Co-Authored-By: Claude Sonnet 4.6 <noreply@anthropic.com>
feature_pruning.py takes 1.5–4 hours and uses 4 GB disk — too long for the daily CI matrix. Move it from EXTENDED_SCRIPTS into a new HEAVY_SCRIPTS category and create a dedicated weekly workflow (heavy-functional-tests.yml) that runs every Sunday on Linux x86_64 RelWithDebInfo with GUI+USDT+Wallet. The workflow shares ccache and depends caches with the daily-test job so rebuilds are fast. A commented-out USDT section is scaffolded for future use. Update the missed_tests checker to cover HEAVY_SCRIPTS and USDT_SCRIPTS so no test file goes untracked. Co-Authored-By: Claude Sonnet 4.6 <noreply@anthropic.com>
575bd1a to
90eb83b
Compare
azuchi
left a comment
There was a problem hiding this comment.
Re-review after rebase (head 90eb83ba8)
✅ Prior blockers resolved
- B1:
test_runner.py:191preservesfeature_cp2sh_softfork.pyinBASE_SCRIPTS✓ - B2:
daily-test.yml:551injects-DCP2SH_ACTIVATION_TEST_HEIGHT=120for all native builds;:698runs--debugscriptsin the Debug branch ✓ - Rebase clean (merge base now
54a27e153, diff scope 10 files / +472 / -163)
🚨 New blocker — Smoke Test #600 fails on 4/6 jobs
Commit 2f66ee7ae rewrote test_framework/blocktools.py::create_tx_with_large_script to emit OP_RETURN [MAX_SCRIPT_SIZE - 10] (≈10 KB). MAX_OP_RETURN_RELAY defaults to 83 bytes (src/script/standard.h:42), so the tx is rejected by mempool standardness unless -datacarriersize=10000 is set.
Only one of three callers was updated:
| Caller | Updated? |
|---|---|
test/functional/feature_pruning.py |
✅ adds -datacarriersize=10000 |
test/functional/feature_largeblocksize.py |
❌ — causes the Smoke Test failure (AssertionError: <txid> not found in mempool at line 102) |
test/functional/feature_reindex.py |
❌ — masked by --failfast, but same vector |
Fix: pass -datacarriersize=10000 to nodes in feature_largeblocksize.py::set_test_params and feature_reindex.py (same pattern as feature_pruning.py).
Failing jobs: Linux x86_64, macOS ARM64, macOS x86_64, Linux ARM64.

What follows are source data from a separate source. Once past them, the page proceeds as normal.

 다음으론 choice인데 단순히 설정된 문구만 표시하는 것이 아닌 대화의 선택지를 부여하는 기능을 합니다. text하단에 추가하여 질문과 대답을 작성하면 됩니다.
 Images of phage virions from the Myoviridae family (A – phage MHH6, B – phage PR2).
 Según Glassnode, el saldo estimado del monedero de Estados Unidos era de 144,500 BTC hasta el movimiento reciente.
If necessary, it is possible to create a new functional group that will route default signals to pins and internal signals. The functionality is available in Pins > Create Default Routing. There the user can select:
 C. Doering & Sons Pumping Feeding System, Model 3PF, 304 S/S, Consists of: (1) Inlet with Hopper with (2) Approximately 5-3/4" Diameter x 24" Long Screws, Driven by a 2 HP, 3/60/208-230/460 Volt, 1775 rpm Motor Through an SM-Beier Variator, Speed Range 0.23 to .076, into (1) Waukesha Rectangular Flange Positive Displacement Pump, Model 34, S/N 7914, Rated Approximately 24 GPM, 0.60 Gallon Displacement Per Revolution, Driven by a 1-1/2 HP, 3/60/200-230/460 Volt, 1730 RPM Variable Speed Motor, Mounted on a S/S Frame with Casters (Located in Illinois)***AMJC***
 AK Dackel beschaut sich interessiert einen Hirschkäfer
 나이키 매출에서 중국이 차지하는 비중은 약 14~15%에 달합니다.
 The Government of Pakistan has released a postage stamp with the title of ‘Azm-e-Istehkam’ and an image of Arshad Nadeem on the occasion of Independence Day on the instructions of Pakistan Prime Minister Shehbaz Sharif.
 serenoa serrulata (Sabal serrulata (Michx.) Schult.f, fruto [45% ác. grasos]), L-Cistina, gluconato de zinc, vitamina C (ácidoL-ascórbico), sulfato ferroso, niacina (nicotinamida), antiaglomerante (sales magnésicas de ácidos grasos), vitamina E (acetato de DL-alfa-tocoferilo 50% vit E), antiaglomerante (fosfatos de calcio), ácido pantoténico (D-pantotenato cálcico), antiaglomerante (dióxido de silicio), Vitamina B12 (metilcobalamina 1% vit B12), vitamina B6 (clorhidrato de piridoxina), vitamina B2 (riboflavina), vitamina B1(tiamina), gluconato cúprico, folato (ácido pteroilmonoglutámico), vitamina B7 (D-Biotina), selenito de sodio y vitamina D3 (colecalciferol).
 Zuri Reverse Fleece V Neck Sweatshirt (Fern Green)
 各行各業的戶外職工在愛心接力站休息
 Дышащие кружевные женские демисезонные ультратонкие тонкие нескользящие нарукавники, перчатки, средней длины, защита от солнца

…largeblocksize to allow large scripts and thereafter large transactions
Move the functional tests in debug mode to extended tests as debug mode CI does not run the tests at all. So some errors like debug lock order were missed in the previous testing of v0.7.2 changes. Non-standard scripts used in the debug mode are changed to other standard scripts.
A new CI runs every week to verify the long running tests like feature_pruning.